キク科は約1000属、およそ2万3000種にのぼり、顕花植物中最も大きい植物群で全世界に広く分布し、日本には約70属,370種あるとされる。また、キク科には少数の木本性のものがあるが、大部分は草本性である。(平凡社世界大百科事典)

  ユリオプスデージー

    コウヤボウキ

     ハマギク
 木本のキク科植物として最も身近なものは黄色い花を付けるユリオプスデージーである。しばしば、茎がガッチリ木質化した巨大な株を見かける常緑低木(時に半耐寒性常緑多年草としている説明もある。)である。その他、コウヤボウキも小さくて頼りないが落葉低木とされ、ハマギクも小低木(亜低木、半低木としている説明もある。)とされる。
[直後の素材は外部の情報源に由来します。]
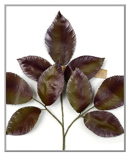 A bold spray of the largest vintage rose leaves we have ever come across, it has a striking coloration which is quite distinct. Embossed, die-cut leaves of cotton fabric were painted olive green, then airbrushed with soft shadings of dark claret. Each leaf is finished with hand-painted edging details of palest pink to create this special spray. Stems are of paper-covered wire. Rose leaf spray still wears its original paper label that reads "Made in Germany."

 さて、小菊盆栽について。最近、たまたま小菊盆栽の教室がこれから開催されようとしている場に遭遇して、チャンスとばかりに小菊盆栽の先生に立ち話で少し伺ってみた。

 質問のポイントは、「小菊盆栽は複数年にわたって冬を越し、毎年花を咲かせることができるのか」ということである。答えは、「特別の環境、管理下で、数年にわたってもたせることが可能である。」ということであった!! 樹木のように数十年にわたって地上部を維持できないものの、短いながらも木になれることがわかった!!ただし、こうしたものはむしろ特殊で、前の年に挿し芽して育てた苗を使用して、その年限りのものとして仕立てるのが普通であるとのことであった。

 そこで、特に「菊の木」についてもう少し知りたくなってにわか勉強をしてみた。教科書として選定したのは、たまたま図書館にあった以下の図書で、ポイントは以下のとおりであった。
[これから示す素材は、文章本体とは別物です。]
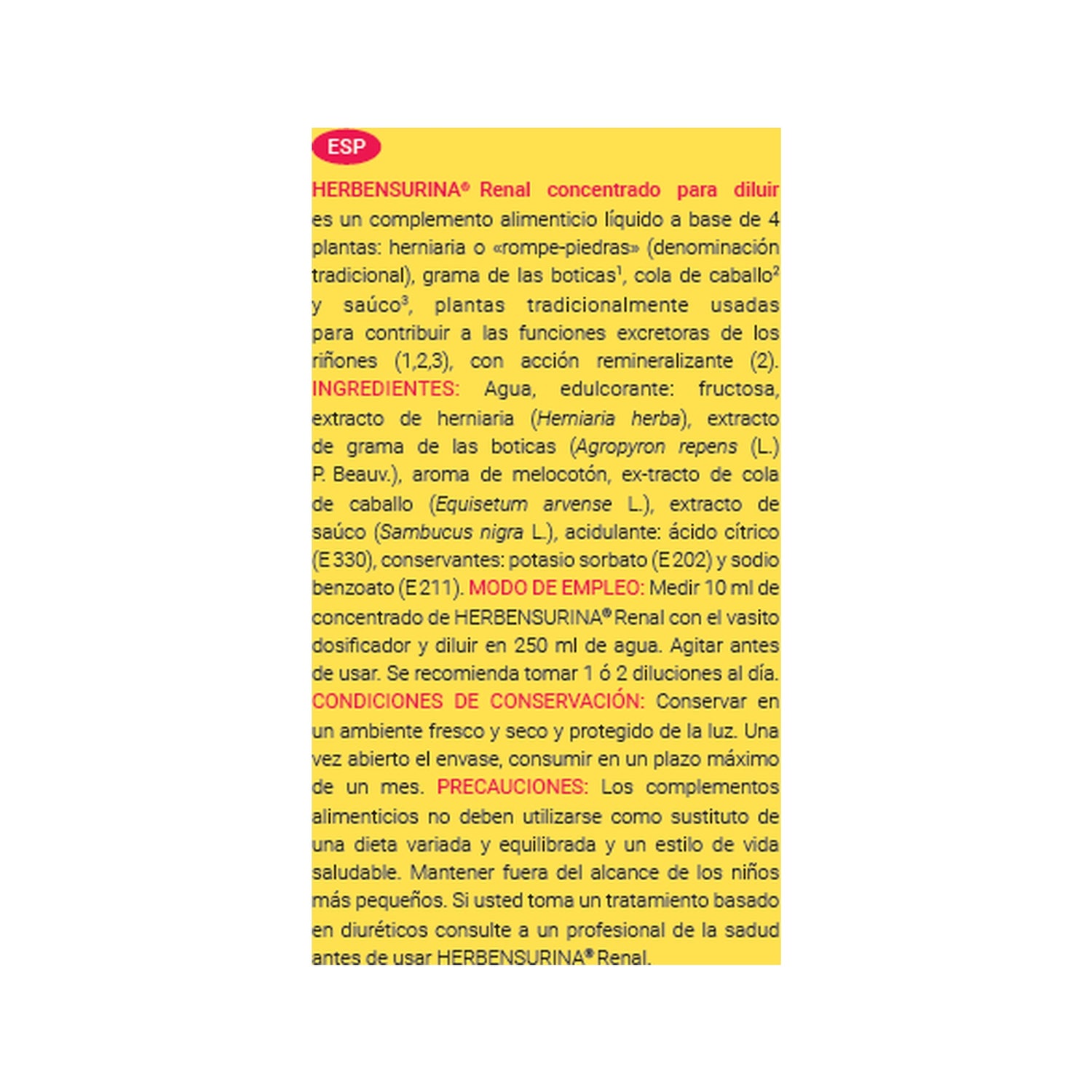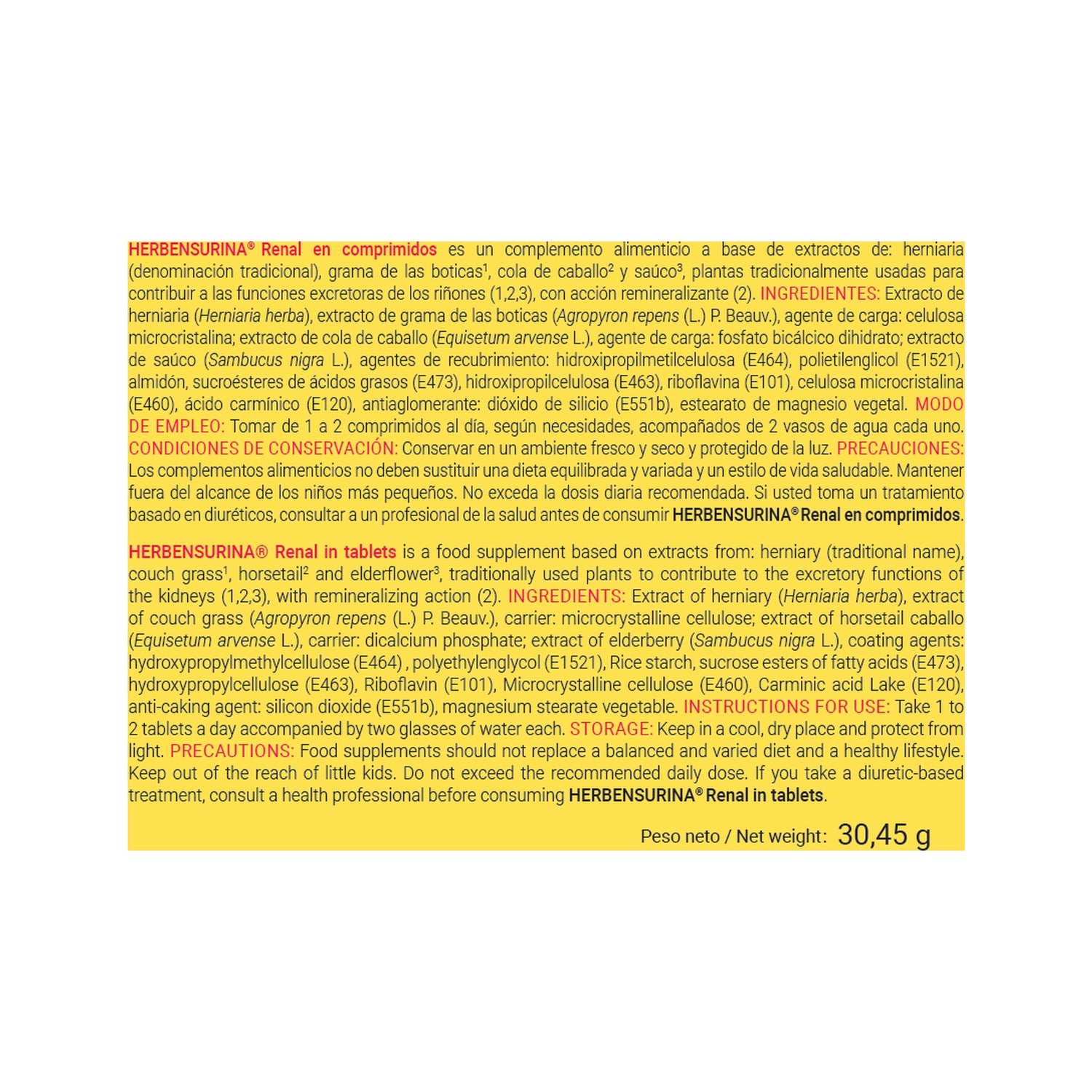 Herbensurine Renal é umsuplemento alimentar em forma de comprimidos com uma mistura cuidadosa de plantas que ajudam o bem-estar do tracto urinário e reduzem o risco de apanhar pedras nos rins. Os componentes do Herbensurine são:

図解キクの仕立て方:ガーデンライフ編集部(昭和55年10月17日、誠文堂新光社)
必携 小菊盆栽:宗田栄一(昭和58年9月30日、誠文堂新光社)
@ 一般の小菊盆栽

 菊の盆栽にはその特性が盆栽作りに適合した小菊の品種を利用している。
 樹木の盆栽は最低でも10年を要するが、小菊盆栽作りは挿し芽をしてから14ヶ月前後で完成できる。
 前年に挿し穂を採取して挿し芽で苗を確保し、摘心摘芽を繰り返して枝を作り上げていく。

A 古木盆栽仕立て

 キクは宿根性であるから地上部は毎年花が咲き終わると枯死してしまう。しかし、品種や管理によっては樹そのものが古木化して数年生き続けることができる。この特性を生かして同じような樹態が数年続けて作形できる。  
 古木保存年数の記録は東京周辺でも最高15年くらいで、平均すると寒冷地に古いものがある。 
 管理上、早めに花を取り除く必要があるほか、古木は勢いが弱いため、これに配慮した特別の管理が必要となる。